Глава 29
Мария Престон картинным жестом откинула назад гриву каштановых волос и залюбовалась своим отражением в зеркале. Кожа у нее была как у двадцатилетней, и сегодня она порозовела и положительно светилась: верный знак того, что последние три часа Мария провела в постели с любовником. Какая это радость – быть с мужчиной, который ценит ее по достоинству.
Мария переспала с десятками мужчин, многие из которых были куда более искусными и энергичными в постельных играх, чем ее нынешнее увлечение. Почти все были гораздо привлекательнее внешне. Но женщине не всегда этого достаточно. В ее жизни наступил момент, когда она начала нуждаться в большем. Власть – вот что влекло Марию Престон. Ее любовник был человеком влиятельным. Могущественным. Не чета Эндрю.
Бедный Энди. Он оказался неплохим мужем. Последние два года даже стал делать деньги, способные обеспечить Марии тот образ жизни, которого она заслуживала. Все это время она считала, что ей необходимо только богатство. Но теперь, получив его, она заскучала. И Энди ей наскучил – как муж, как любовник, как человек. Теперь она осознала: сколько бы денег ни получал Энди, по сути он всегда останется простым бухгалтером. И пока она с ним, всегда будет только женой бухгалтера. Мария Кармин! Жена бухгалтера!
Бред какой-то! Да еще оскорбительный! Удивительно только, что она так долго этого не замечала! Такую свободную натуру, как Мария, нельзя сковать узами брака подобно остальным простым смертным! Все равно что заморозить вулкан или затопить пустыню!
Накладывая новый слой ярко-красной помады от Диора, Мария раздумывала о своей судьбе.
«Я рождена, чтобы быть женой великого человека. Его музой».
Теперь наконец ее мечта сбудется.
Она сообразила, как сделать, чтобы любовник бросил жену, освободился от груза прежней семьи и уехал с ней. Мария, с ее блестящим умом, решила все проблемы. Она бросит Эндрю и начнет все заново. Когда она на прошлой неделе изложила свой план, любовник пришел в восторг. И все еще возбужденно толковал о нем во время последней встречи, занимаясь любовью со страстным пылом, неожиданным даже для него.
Мария снова улыбнулась собственному отражению в зеркале заднего обзора и рассмеялась.
– Ты не просто хорошенькое личико!
Она возвращалась в город из Сэг-Харбора. Выбраться оттуда было нелегко: дорога занимала два часа в обычное время, три – в час пик. Но любовник Марии не мог рисковать, появляясь с ней на Манхэттене, и, кроме того, отель «Американ» на Мейн-стрит, с его белым портиком и жизнерадостными полосатыми маркизами, был таким элегантным, очаровательным, что поездка того стоила.

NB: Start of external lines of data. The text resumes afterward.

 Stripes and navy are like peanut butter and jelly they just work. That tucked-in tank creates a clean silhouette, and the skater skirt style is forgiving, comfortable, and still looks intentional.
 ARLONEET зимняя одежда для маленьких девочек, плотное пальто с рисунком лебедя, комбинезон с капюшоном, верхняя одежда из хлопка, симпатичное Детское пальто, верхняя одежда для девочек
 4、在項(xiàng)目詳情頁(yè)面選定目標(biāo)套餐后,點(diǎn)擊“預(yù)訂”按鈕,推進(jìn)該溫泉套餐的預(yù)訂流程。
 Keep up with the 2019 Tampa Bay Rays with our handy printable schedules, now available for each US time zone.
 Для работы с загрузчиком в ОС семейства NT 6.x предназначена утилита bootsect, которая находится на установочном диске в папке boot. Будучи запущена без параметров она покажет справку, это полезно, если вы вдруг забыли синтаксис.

Свернув на Скатл-Хоул-роуд, Мария заметила впереди кондитерскую «Нэнси», одно из своих любимых заведений, в витрине которого соблазнительно теснились кексы в гофрированных формочках. После секса у нее всегда хороший аппетит. Почему бы нет?
Подкатив к обочине, она выключила зажигание и, весело напевая, открыла дверцу машины.

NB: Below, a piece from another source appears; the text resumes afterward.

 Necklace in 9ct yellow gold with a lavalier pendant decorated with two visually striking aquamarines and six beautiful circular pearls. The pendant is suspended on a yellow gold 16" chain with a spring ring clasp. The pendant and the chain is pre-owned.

Нэнси Робертсон была на кухне, когда раздался взрыв. Женщина с заколотившимся сердцем вбежала в кондитерскую. Слава Богу, там никого не было! Помещение было разрушено, витринные стекла разбиты, острые осколки стекла, измазанные кремом, прилипли к стенам.

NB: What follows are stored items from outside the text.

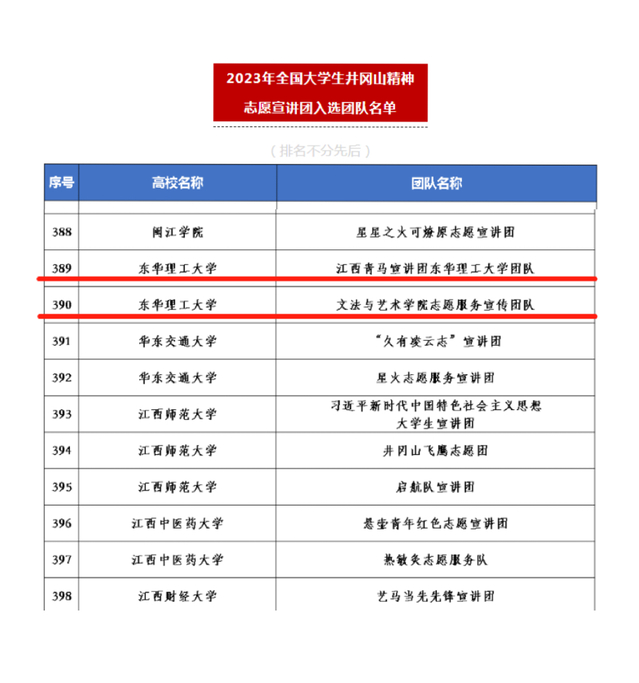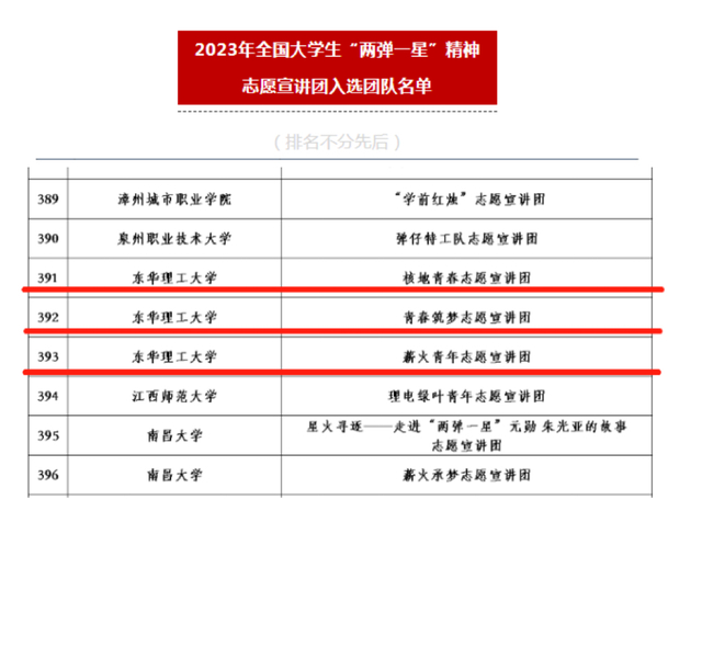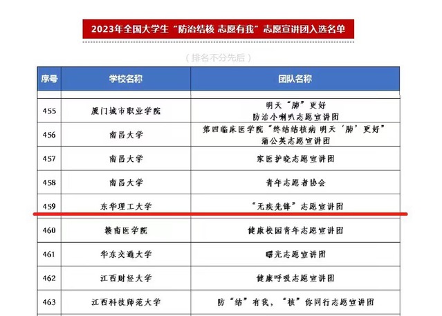 今年4月,团中央青年志愿者行动指导中心联合全国青少年井冈山革命传统教育基地、井冈山管理局、中国核工业集团有限公司、国家疾病预防控制局传染病防控司等单位开展了2023年“井冈山精神”“两弹一星”精神及“防治结核,志愿有我”志愿宣讲团队遴选活动。在近日公布的遴选活动结果中,雷速网页版团委选送的“青春筑梦”志愿宣讲团、马克思主义学院选送的江西青马宣讲团雷速网页版团队、校青协与医务所联合推送的“无疾先锋”志愿宣讲团等6支团队脱颖而出,成功入选三大系列全国志愿宣讲团队。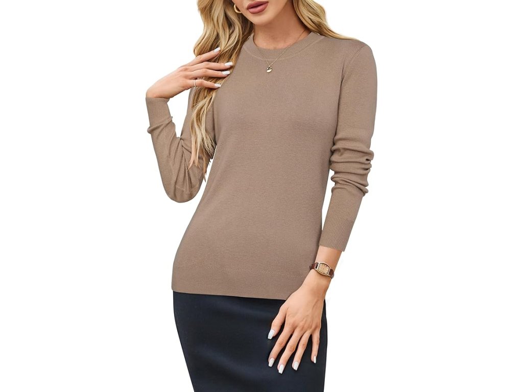 Arach&Cloz dámský pletený svetr s kulatým výstřihem – vlněný blend, dlouhý rukáv, camel (vel. L)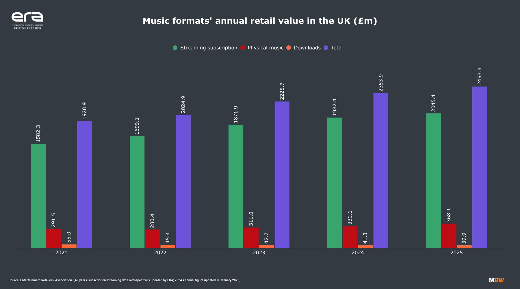 According to ERA’s data, some GBP £2.045 billion (USD $2.69bn) was spent on music streaming subscriptions in 2025, up from GBP £1.982 billion in 2024.

На улице горело то, что осталось от «бентли» Марии Престон: груда исковерканного металла.
Митч Коннорс играл с дочерью на детской площадке. Его первый выходной за много месяцев. Правда, Хелен не слишком хотела отпускать с ним дочь:
– Ты не имеешь права появляться в ее жизни и исчезать, когда тебе заблагорассудится! Ты хоть представляешь, как она расстроилась, когда ты не пришел на школьный спектакль? Даже не потрудился позвонить и извиниться!
Чувство собственной вины заставило Митча огрызнуться:
– Объяснить? Что именно? Я работаю, Хелен. И плачу за крыши над нашими головами. Кроме того, я не спрашивал у тебя разрешения повидаться с дочерью! Это мой выходной.
Теперь, наблюдая, как Селеста болтает худенькими ножками, раскачиваясь на качелях, Митч сожалел о том, что вышел из себя. Он больше не любил Хелен, но не мог отрицать, что мать она прекрасная. А вот из него вышел дерьмовый отец. Он привык говорить, что занимается дочерью, но все это было чистым враньем! Митч любил Селесту, но, по правде говоря, едва ее знал. Даже не видя дочку неделями, он не мог лишний раз отпроситься с работы.
И постоянно думал о Грейс Брукштайн: где ее держат, и как, во имя всего святого, он собирается сдержать данное ей обещание? Никто не хотел слушать его версий о том, что в действительности случилось с Ленни Брукштайном. Два дня назад Дюбре прямо сказал:
– Оставьте это, Митч. Вы хороший детектив, но слишком близко принимаете это дело к сердцу. У меня для вас новое дело. Убийство подростка. Бродяги. Никаких улик. Прямо для вас создано.
– Не могли бы вы дать его кому-то еще? Мне нужно еще немного времени, чтобы во всем разобраться. Максимум пара недель.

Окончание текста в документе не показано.